### What to produce:
An exact reproduction of the listing is wanted, with the pictures dropped.

### Information supplied:
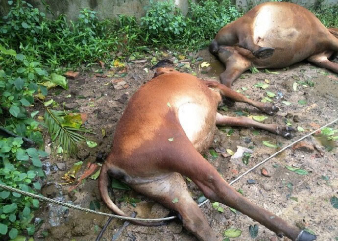 10月18日上午7:00左右,万宁市万城镇东星村委会第七村民小组(剪岭前村)村民符芳平饲养的31头牛被电死。事件发生后,万宁市相关部门立即赶赴现场予以处置。
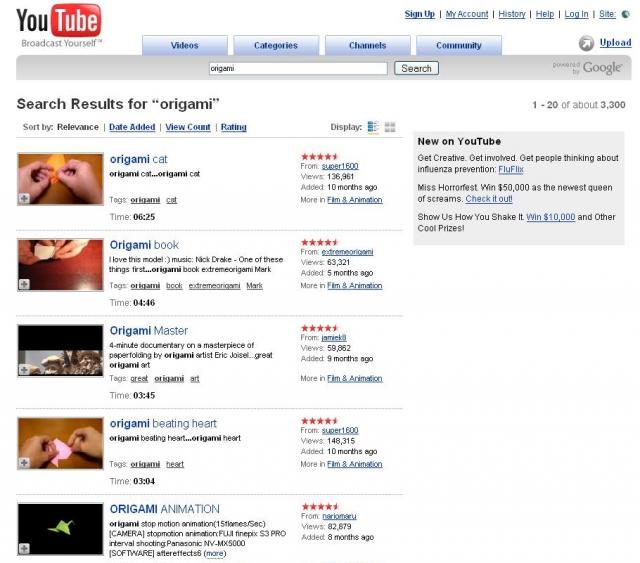 Origami a Youtube-on |
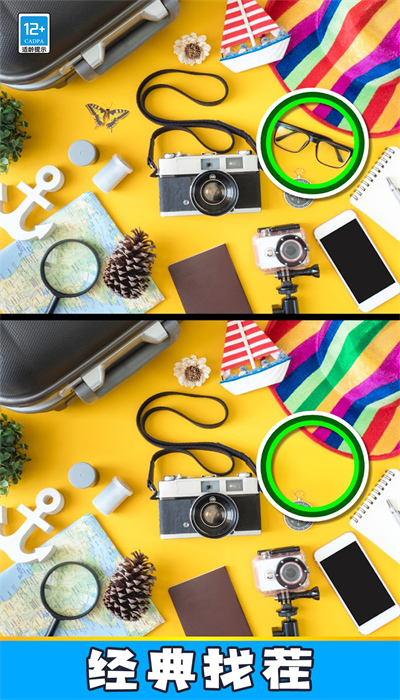 道具辅助找茬,例如放大镜、提示机会等,帮助玩家突破难关。游戏提供了多种实用道具,玩家可以通过完成关卡获得这些道具,在关键时刻使用它们可以事半功倍。
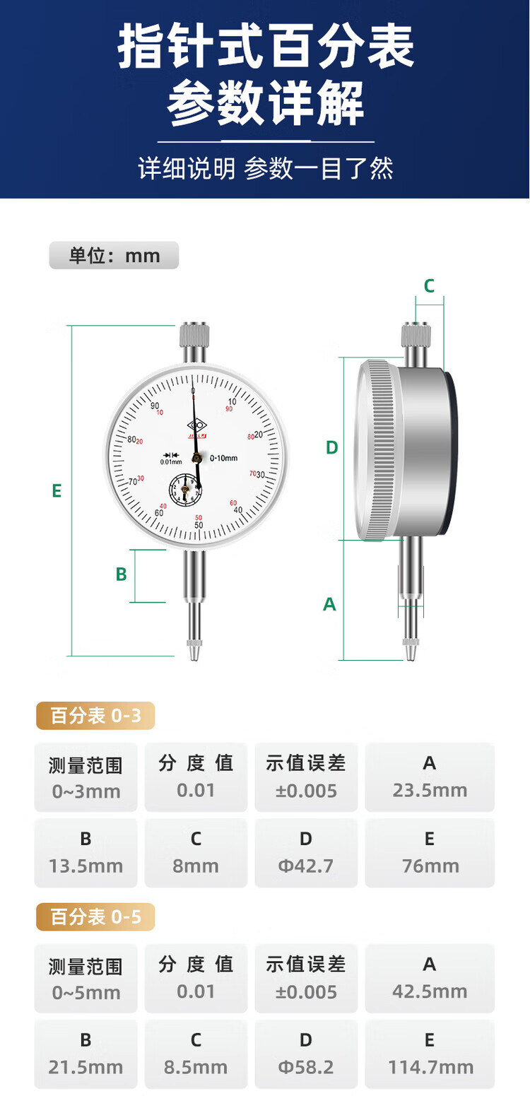 Inner diameter dial indicator indicator 010mm pointer type calibration lever dial indicator 001mm magnetic table base set pointer type 0-10mm dial indicator

### Response area:
 10月18日上午7:00左右,万宁市万城镇东星村委会第七村民小组(剪岭前村)村民符芳平饲养的31头牛被电死。事件发生后,万宁市相关部门立即赶赴现场予以处置。
 Origami a Youtube-on |
 道具辅助找茬,例如放大镜、提示机会等,帮助玩家突破难关。游戏提供了多种实用道具,玩家可以通过完成关卡获得这些道具,在关键时刻使用它们可以事半功倍。
 Inner diameter dial indicator indicator 010mm pointer type calibration lever dial indicator 001mm magnetic table base set pointer type 0-10mm dial indicator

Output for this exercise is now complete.